Don’t get me wrong, we love the September to December tax strategy rush, as this is where we drive a lot of our annual revenue, but does it have to be this way? Can we discipline our clients to begin strategy planning throughout the year? The answer is yes.
There will always be that last-minute client or introduction of someone who has a year-end bonus, stock option, sale of a company, stock or other asset, but do those really just pop-up last minutes? These are all items that we can be aware of and plan for early in the year, but why don’t we? One reason is because our low hanging fruit is that client who is in damage control mode and on the clock to fix it or pay significant tax consequences. These folks are introduced to us in dire need of help and on a timeline. Their deadlines become ours and they move to the front of the line, pushing existing clients that are willing to pay ongoing fees for planning and advice out of their way.
Now, I am not saying don’t work with these individuals as sometimes a quick adrenaline surge and short notice can be lucrative and exciting. Just don’t build your practice around it and those clients that expect this each and every year need to be “disengaged”.
Let’s discuss some ways to stabilize that year end blitz.
Q1 – Its tax filing time! Yes, the battle to gatherW2s, K1s, 1099s, and rush to file or extend that 1040 takes top priority, but let’s use this IRS mandated time in front of clients to our advantage.
Provide a list of previous year K1s, 1099s and other investment forms that they may need to track down. Highlight the amount of benefits reported on those forms and how they convert to bottom line tax savings.
• Oil and Gas – Intangible drilling cost deductions reduce gross income, talk about the cash savings.
• Solar Development – Accelerated depreciation deductions reduce gross income and tax credits pay the tax owed. Show them how this works. Typically, big multiples of tax savings.
• Qualified Opportunity Zone Fund (QOZ Fund) – Deferral of capital gains until 12/31/2026 and for some programs a reduced amount reported when it resurfaces.
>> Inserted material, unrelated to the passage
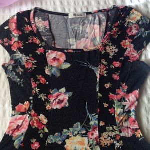 Black peplum shirt with flower patterns.

Get them to prolong current capital gains until the new version comes out in 2027.
• Discount Roth Conversions – Review the 1099R and discuss what the initial investment amount was and how they are paying significantly less tax based on a reduced valuation.
• 1031/DSTs – Highlight taxes they would have paid on capital gains, depreciation recapture, net investment income tax and state tax.
• Charitable Contribution Deductions – Show them how being philanthropic has saved them taxes.
We work so hard to deploy these strategies throughout the year, but then because of the lack of time and rush of Q1, the fruits of our labor are not fully appreciated. Make sure you use this time of year to illustrate why they pay you. It is not for tax filing; it is for tax reduction!
Q2 & 3 – This is the time to rejuvenate and relax right? Wrong, this is where you get a leg up on the competition. It is this stretch of calendar that can make or break your year. Now is when you can push your business to the next level or decide to just settle back in to chasing panicked clients. Don’t do that! Get in client strategy mode.
Typical client “why would I want to invest in the program now as there is no current cash flow, and I will get the same deduction as an investor that comes in December 23rd
.” True – but these sponsors have gotten smart with meaningful early incentives such as higher preferred returns, interest on your money, bonus on investment and more. If it is a repeat client, you should have already highlighted their tax savings from last year and got them primed, ready to go.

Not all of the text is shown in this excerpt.